Hush harbors were the secret meeting places of enslaved Africans in which our identity and humanity were affirmed. What our ancestors started in the hush harbors unfortunately must live on today, so that those of us who have been pushed to the margins can find peace, acceptance, belonging, and gain clarity about the journey ahead.

“More than eyes or feet. More than lungs that have yet to draw free air. More than your life-holding womb and your life-giving private parts, hear me now, love your heart. For this is the prize,” Baby Suggs exhorted in “The Clearing.”[ii] Humanity was and is affirmed in these invisible institutions where freedom and autonomy can be exercised. From these unseen institutions, creativity, courage, and revolutions are birthed. What our ancestors started in the hush harbors unfortunately must live on today. These sacred spaces must live on because these are the places where persons who do not identify as cis hetero white men feel safe to gather to worship, pray, question, and lament in whatever manner we need to. These are the places where we strengthen ourselves and one another so that we do not perish under the horrific physical conditions and mental turmoil brought about by churches who exclude us and condemn us.

Many of us are looking for our members. We are wondering where they went in this post-COVID reality. I will tell you where they are. Theyre in “The Clearing”! The stark reality of the pre-existing political and social conditions of America was amplified as a result of COVID. And like us, our members were forever changed. Realities shifted, priorities were realigned, and people are currently choosing to be in spaces where they can find peace, acceptance, and joy. They are choosing spaces where they can safely lament and mourn. They are finding spaces where they can authentically worship.

The question is, are we prepared to resist centering ourselves, our traditions, and our institutions and are we equipped to join them in “The Clearing”? As a Christian, I recognize now is the time! We were called for such a time as this to be transformers and agents of change and healing in communities that are crying out for transformation and restoration. We are called as healers and bridge builders to unite in dismantling systems of oppression, calling out promoters of oppressive -isms and mitigating unconscious biases in congregations and communities.

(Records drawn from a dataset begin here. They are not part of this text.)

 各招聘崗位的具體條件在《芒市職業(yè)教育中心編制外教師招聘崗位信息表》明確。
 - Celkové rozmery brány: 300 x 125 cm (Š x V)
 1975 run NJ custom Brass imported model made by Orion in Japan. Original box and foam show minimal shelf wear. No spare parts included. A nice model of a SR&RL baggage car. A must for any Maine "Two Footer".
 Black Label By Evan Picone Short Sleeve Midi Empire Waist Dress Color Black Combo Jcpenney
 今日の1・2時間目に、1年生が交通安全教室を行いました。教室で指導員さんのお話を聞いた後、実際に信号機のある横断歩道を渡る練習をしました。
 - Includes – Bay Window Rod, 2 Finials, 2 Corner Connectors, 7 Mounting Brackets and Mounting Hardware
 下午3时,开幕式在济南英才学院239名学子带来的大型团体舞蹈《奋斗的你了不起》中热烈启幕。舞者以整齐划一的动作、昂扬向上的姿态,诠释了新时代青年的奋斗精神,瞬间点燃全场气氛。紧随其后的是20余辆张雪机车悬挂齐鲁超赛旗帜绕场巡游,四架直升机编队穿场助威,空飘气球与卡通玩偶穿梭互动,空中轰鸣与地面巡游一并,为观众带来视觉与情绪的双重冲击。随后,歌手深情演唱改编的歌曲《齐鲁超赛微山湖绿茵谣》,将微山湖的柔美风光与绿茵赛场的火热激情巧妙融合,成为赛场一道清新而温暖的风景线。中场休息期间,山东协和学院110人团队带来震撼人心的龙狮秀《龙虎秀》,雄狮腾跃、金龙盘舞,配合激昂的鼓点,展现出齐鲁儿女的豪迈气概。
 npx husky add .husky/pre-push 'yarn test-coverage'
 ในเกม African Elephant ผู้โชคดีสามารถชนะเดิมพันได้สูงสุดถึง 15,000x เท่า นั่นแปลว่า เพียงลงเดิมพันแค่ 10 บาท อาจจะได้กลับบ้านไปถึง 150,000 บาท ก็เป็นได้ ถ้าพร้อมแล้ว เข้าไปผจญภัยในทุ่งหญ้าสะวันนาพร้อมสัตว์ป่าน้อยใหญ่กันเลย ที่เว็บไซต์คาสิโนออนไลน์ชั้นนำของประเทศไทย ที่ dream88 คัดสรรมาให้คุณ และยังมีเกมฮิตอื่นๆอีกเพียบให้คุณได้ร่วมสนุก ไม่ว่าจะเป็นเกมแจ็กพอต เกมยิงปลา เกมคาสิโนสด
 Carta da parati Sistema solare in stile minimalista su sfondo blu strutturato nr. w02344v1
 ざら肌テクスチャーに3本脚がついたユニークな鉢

While I cannot define for my fellow Christians how they might influence change or what specific actions they can take in their individual contexts, I pray that this writing encourages others to take some time to reflect and to consider how we can be the change needed to transform society from the power of our hush harbors.

Rev. Dr. Ebony D. Only serves as inaugural community chaplain fellow for Bishop Anderson House and is executive pastor First Baptist Church of University Park in University Park, Illinois. She is a vibrant, energetic, and humble preacher and teacher of God’s word who takes God’s message of justice and grace to workshops, retreats, conferences, conventions and pulpits across the United States. 

The views expressed are those of the author and not necessarily those of American Baptist Home Mission Societies.

[i] Wayne E. Croft, Sr., A History of the Black Baptist Church:  I Don’t Feel No Ways Tired (Valley Forge, Judson Press, 2020), p. 195.

[ii] Toni Morrison, Beloved (New York: Vintage Books, paperback edition, 2004), p. 104.